:: Data records ::
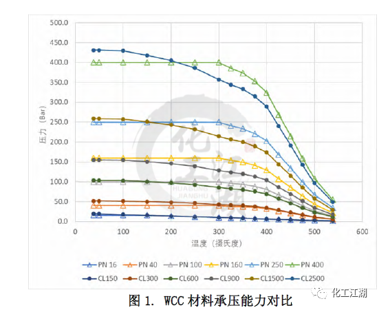本文采用了對(duì)比冷(常溫)工作壓的方法來(lái)近似推算出與ASME標(biāo)準(zhǔn)Class壓力等級(jí)最鄰近的EN標(biāo)準(zhǔn)PN壓力等級(jí)。EN12516-1標(biāo)準(zhǔn)中列出的所有材料的冷工作壓都是相同的。而ASME B16.34標(biāo)準(zhǔn)中列出的冷工作壓和材料相關(guān),故選取了其中一種較強(qiáng)材料(C12A)的冷工作壓用于對(duì)比。 通過(guò)對(duì)比得到每個(gè)ASME標(biāo)準(zhǔn) Class壓力等級(jí)對(duì)應(yīng)的最鄰近的EN標(biāo)準(zhǔn) PN壓力等級(jí),見(jiàn)表1。同時(shí),這樣的對(duì)應(yīng)關(guān)系也和閥門(mén)設(shè)計(jì)的通用做法一致。本文的管道內(nèi)徑,最小壁厚,材料承壓能力的對(duì)比都是依照表1中的對(duì)應(yīng)關(guān)系來(lái)進(jìn)行的。 1.2 材質(zhì)承壓能力的對(duì)比 無(wú)論是ASME標(biāo)準(zhǔn)還是EN標(biāo)準(zhǔn)都列出了一些ASTM標(biāo)準(zhǔn)材料的壓力溫度等級(jí),即材料在不同溫度下的承壓能力。本文選取了常見(jiàn)的閥體材料:碳鋼WCC,合金鋼 WC9和C12A進(jìn)行研究,來(lái)對(duì)比兩個(gè)標(biāo)準(zhǔn)中相同材料在標(biāo)準(zhǔn)壓力等級(jí)下的承壓能力的差別。 圖1和圖 2顯示了WCC材料的溫度壓力曲線和Class與PN的對(duì)比,可以看出: (1)對(duì)于ASME的 Class 150和EN12516-1 的PN16,當(dāng)溫度低于150攝氏度時(shí),EN標(biāo)準(zhǔn)規(guī)定的材料承壓能力低于ASME標(biāo)準(zhǔn)規(guī)定的材料承壓能力,且隨著溫度升高,差距逐漸縮小。當(dāng)溫度高于150攝氏度時(shí),兩個(gè)標(biāo)準(zhǔn)對(duì)相同材料的承壓能力的規(guī)定近乎相同。 (2)對(duì)于ASME的 Class 300和EN12516-1 的PN40,在整個(gè)溫度的范圍內(nèi),EN標(biāo)準(zhǔn)規(guī)定的材料承壓能力均低于ASME標(biāo)準(zhǔn)規(guī)定的材料承壓能力。當(dāng)溫度低于300攝氏度時(shí),隨著溫度升高,差距逐漸縮小。當(dāng)溫度高于300攝氏度時(shí),兩個(gè)標(biāo)準(zhǔn)對(duì)相同材料的承壓能力的規(guī)定差別趨于一致,約為-7%。 (3)對(duì)于ASME的 Class 900和EN12516-1 的PN160, 在整個(gè)溫度的范圍內(nèi),EN標(biāo)準(zhǔn)規(guī)定的材料承壓能力均高于ASME標(biāo)準(zhǔn)規(guī)定的材料承壓能力。當(dāng)溫度低于300攝氏度時(shí),隨著溫度升高,差距越來(lái)越大。當(dāng)溫度高于300攝氏度時(shí),兩個(gè)標(biāo)準(zhǔn)對(duì)相同材料的承壓能力的規(guī)定差別趨于一致,約為24%。 (4)還有一點(diǎn)值得注意的,除了PN16,其他PN壓力等級(jí)對(duì)應(yīng)的工作壓力在低于300攝氏度以下都是一樣的,而ASME等級(jí)對(duì)應(yīng)的工作壓力是隨著溫度升高持續(xù)下降的。 1.3 對(duì)閥體設(shè)計(jì)的指導(dǎo) 在實(shí)際設(shè)計(jì)過(guò)程中,無(wú)論是為了縮短新產(chǎn)品推向市場(chǎng)的時(shí)間,還是從產(chǎn)品標(biāo)準(zhǔn)化、成本優(yōu)化的角度去考慮,盡可能多地將已有的設(shè)計(jì)或者零部件(尤其是需要開(kāi)發(fā)鑄造模具的閥體)應(yīng)用到新的產(chǎn)品中,都是設(shè)計(jì)師不可避免要考慮的問(wèn)題,可以采用同一個(gè)閥體鑄件的設(shè)計(jì)來(lái)滿足ASME 標(biāo)準(zhǔn)和EN標(biāo)準(zhǔn)的要求呢?為了解答這個(gè)問(wèn)題,本文選取了三個(gè)不同壓力等級(jí)-低、中、高的十二個(gè)具體實(shí)例,各項(xiàng)參數(shù)的對(duì)比結(jié)果如表3 所示。 (1)低壓ASME Class 300與 EN PN40 從表3中差別的百分?jǐn)?shù)可以看出,在兩個(gè)尺寸下,滿足ASME標(biāo)準(zhǔn)和EN 標(biāo)準(zhǔn)的管道內(nèi)徑和最小壁厚的差別,均小于5%。就是說(shuō),用同一個(gè)閥體設(shè)計(jì)來(lái)滿足兩個(gè)標(biāo)準(zhǔn)的設(shè)計(jì)要求是可以接受的。同時(shí)從圖2中可以看出,閥體常見(jiàn)材料在這兩個(gè)等級(jí)的承壓能力差別也較小,10%以內(nèi)。因此,兩個(gè)設(shè)計(jì)可以在類似的實(shí)際工況中應(yīng)用。 (2)中壓ASME Class 900與 EN PN160 對(duì)于中壓下尺寸為DN100和DN200的兩組設(shè)計(jì),從差別的百分?jǐn)?shù)可以看出,雖然每組中要對(duì)比的兩個(gè)設(shè)計(jì)的管道內(nèi)徑非常接近,但是所要求的最小壁厚卻相差較多,超過(guò)了20%。在這種情況下,實(shí)踐中也是可以用同一個(gè)閥體設(shè)計(jì)來(lái)滿足兩個(gè)標(biāo)準(zhǔn)的設(shè)計(jì)要求的,但是需要評(píng)估由此帶來(lái)的對(duì)最小壁厚要求較小的閥體的成本的影響。另一方面,從圖2中可以看出,閥體常見(jiàn)材料在這兩個(gè)等級(jí)的承壓能力差別較大,在有些溫度下差別達(dá)到20%。這種材料承壓能力上的差別和最小壁厚的差別是一致的。 (3)高壓ASME Class 2500與EN PN400 對(duì)于高壓下尺寸為DN100和DN200,閥門(mén)的管道內(nèi)徑和最小壁厚存在著巨大差別,30%-50%,故采用同一個(gè)閥體設(shè)計(jì)來(lái)滿足兩個(gè)標(biāo)準(zhǔn)的設(shè)計(jì)要求是不合理的。 還有另外一個(gè)因素需要在閥體設(shè)計(jì)時(shí)考慮,那就是閥體兩個(gè)端口之間的長(zhǎng)度。ASME B16.34中指出可以按照ASME B16.10來(lái)確定端口對(duì)端口尺寸。EN12516-1 并未提及端口對(duì)端口尺寸,但歐標(biāo)體系中EN558規(guī)定了端口對(duì)端口的尺寸??紤]到端口對(duì)端口尺寸并非標(biāo)準(zhǔn)強(qiáng)制要求,故本文未
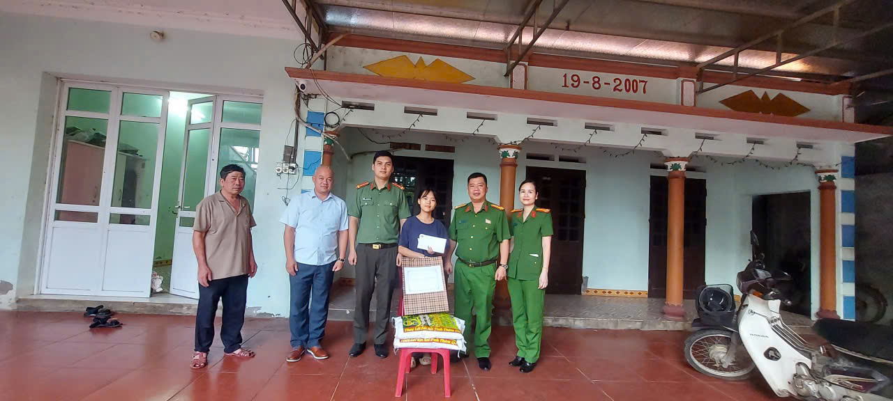 Đồng chí Lãnh đạo Công an phường tặng quà, ân cần hỏi thăm và động viên Kiều Anh cố gắng vươn lên trong học tập
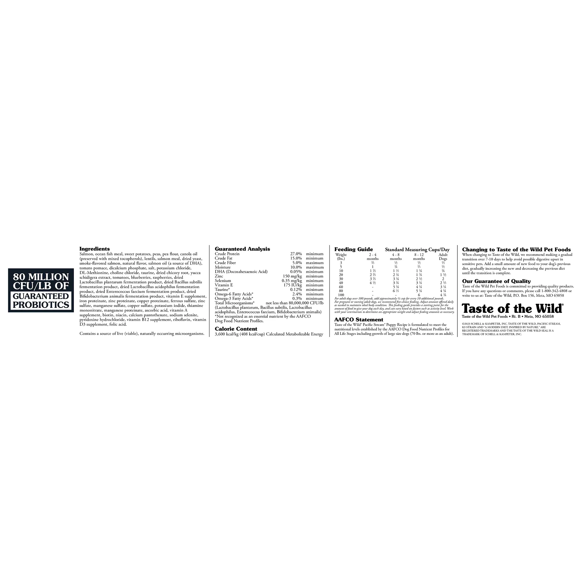 سمك السلمون، دقيق سمك المحيط، البطاطا الحلوة، البازلاء، دقيق البازلاء، زيت الكانولا (المحفوظ مع مزيج من التوكوفيرول)، العدس، دقيق السلمون، الخميرة المجففة، سمك السلمون بنكهة الدخان، النكهة الطبيعية، زيت السلمون (مصدر لـ DHA)، ثفل الطماطم، فوسفات ثنائي الكالسيوم، الملح، كلوريد البوتاسيوم، DL-Methionine، كلوريد الكولين، التورين، جذر الهندباء المجفف، مستخلص اليوكا شيديجيرا، الطماطم، التوت الأزرق، التوت الأحمر، منتج تخمير Lactobacillus plantarum المجفف، منتج تخمير Bacillus subtilis المجفف، منتج تخمير Lactobacillus acidophilus المجفف، منتج تخمير Enterococcus faecium المجفف، منتج تخمير Bifidobacterium animalis المجفف، مكمل فيتامين E، بروتينات الحديد، بروتينات الزنك، بروتينات النحاس، كبريتات الحديدوز، كبريتات الزنك، كبريتات المنغنيز، كبريتات النحاس، يوديد البوتاسيوم، أحادي نترات الثيامين، بروتينات المنغنيز، حمض الأسكوربيك، مكمل فيتامين أ، البيوتين، النياسين، بانتوثينات الكالسيوم، سيلينيت الصوديوم، هيدروكلوريد البيريدوكسين، مكمل فيتامين ب 12، الريبوفلافين، مكمل فيتامين د 3، حمض الفوليك.
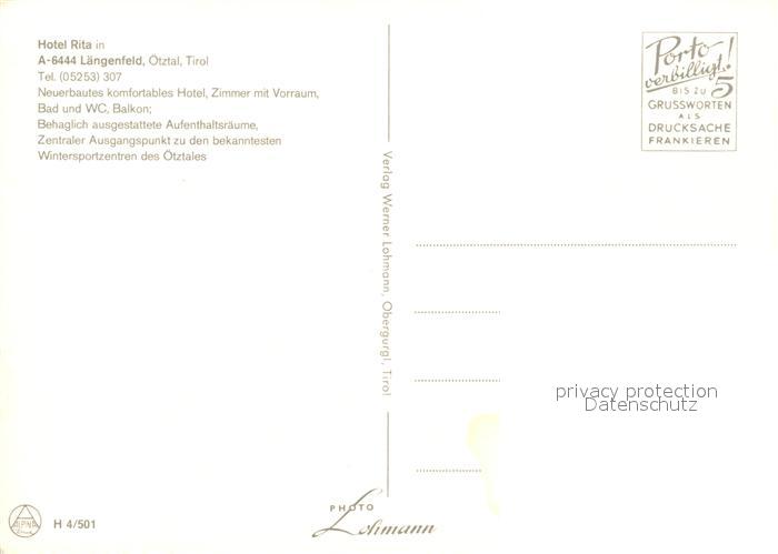 13516298 Laengenfeld Oetztal Hotel Rita postalisch nicht gelaufen Erhaltung siehe scans [WerneD78] KatCode: 11390334070208
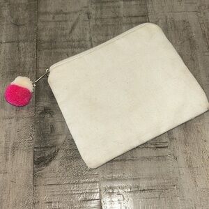 White Sead Beaded Purse “Choose Happy" Pom Pom Accent Pastel Lettering Coquettes
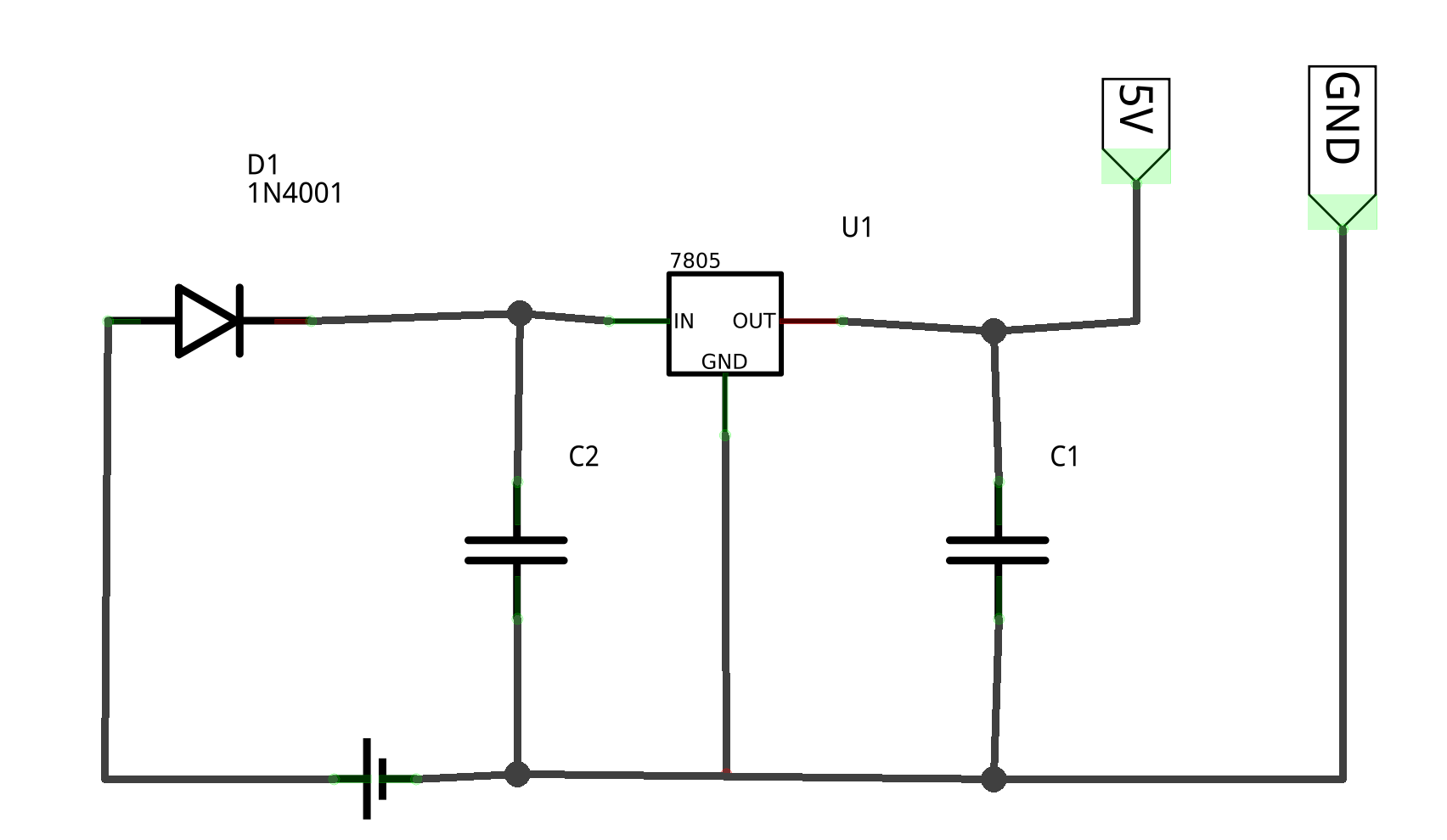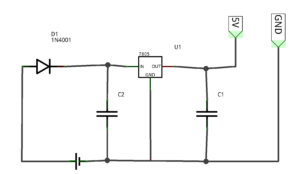 Además, para evitar posibles errores al conectar la fuente de alimentación hemos colocado un diodo que evitará que la corriente se mueva en una dirección incorrecta, lo que podría dañar los componentes que tienen polaridad.
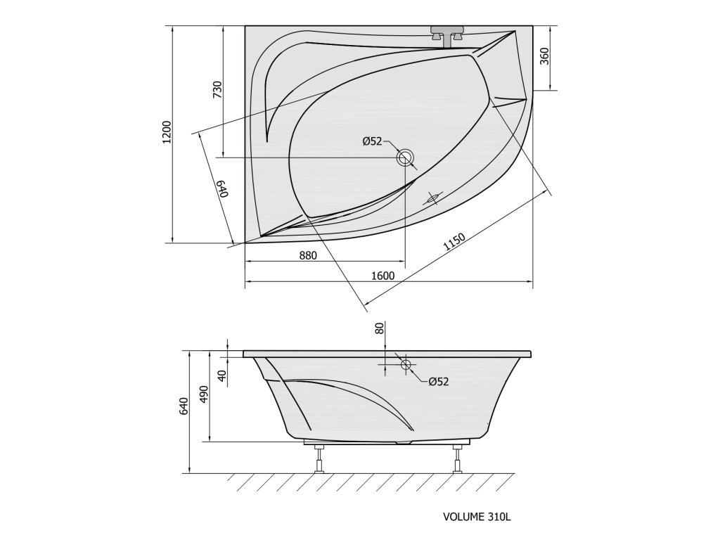 Polysan TANYA L asymetrická vana s konstrukcí 160x120x49cm, bílá 65219
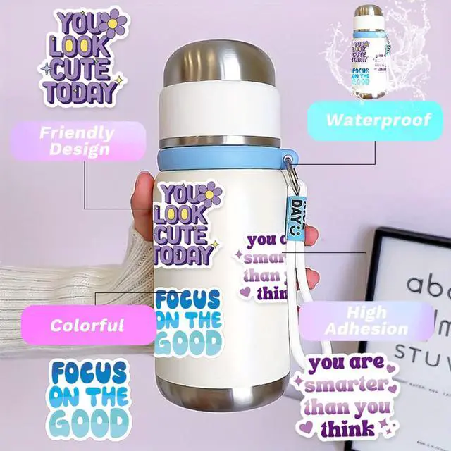 Widely Used: Perfect for a variety of surfaces, these stickers can be used on water bottles, laptops, journals, scrapbooks, computers, skateboards, planners, cups, luggage, notebooks, guitars, scooters, and moreadding a personal, uplifting touch anywhere.
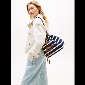 Denne skuldertaske har et moderne og sommerligt udtryk med sit elegante stribede design. Kombinationen af tekstil og fine detaljer giver tasken et afslappet, men eksklusivt look. Den dekorative snørelukning og den feminine kæderem tilfører karakter og gør tasken nem at style til både hverdag og ferier. Tasken har god plads til dine vigtigste ejendele og er et stilfuldt valg, når du ønsker et let og sofistikeret accessory.
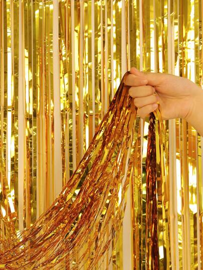 1pc Metallic Tassel Curtain, Gold Plastic Party Backdrop Decoration, For Party Decor - Gold - View 1

:: Requirement ::
Starting at the line that holds "Denne skuldertaske har" and ending at the last line of the material above, repeat each line exactly, both ends included, and leave the pictures out.

:: Answer for this exercise ::
 Denne skuldertaske har et moderne og sommerligt udtryk med sit elegante stribede design. Kombinationen af tekstil og fine detaljer giver tasken et afslappet, men eksklusivt look. Den dekorative snørelukning og den feminine kæderem tilfører karakter og gør tasken nem at style til både hverdag og ferier. Tasken har god plads til dine vigtigste ejendele og er et stilfuldt valg, når du ønsker et let og sofistikeret accessory.
 1pc Metallic Tassel Curtain, Gold Plastic Party Backdrop Decoration, For Party Decor - Gold - View 1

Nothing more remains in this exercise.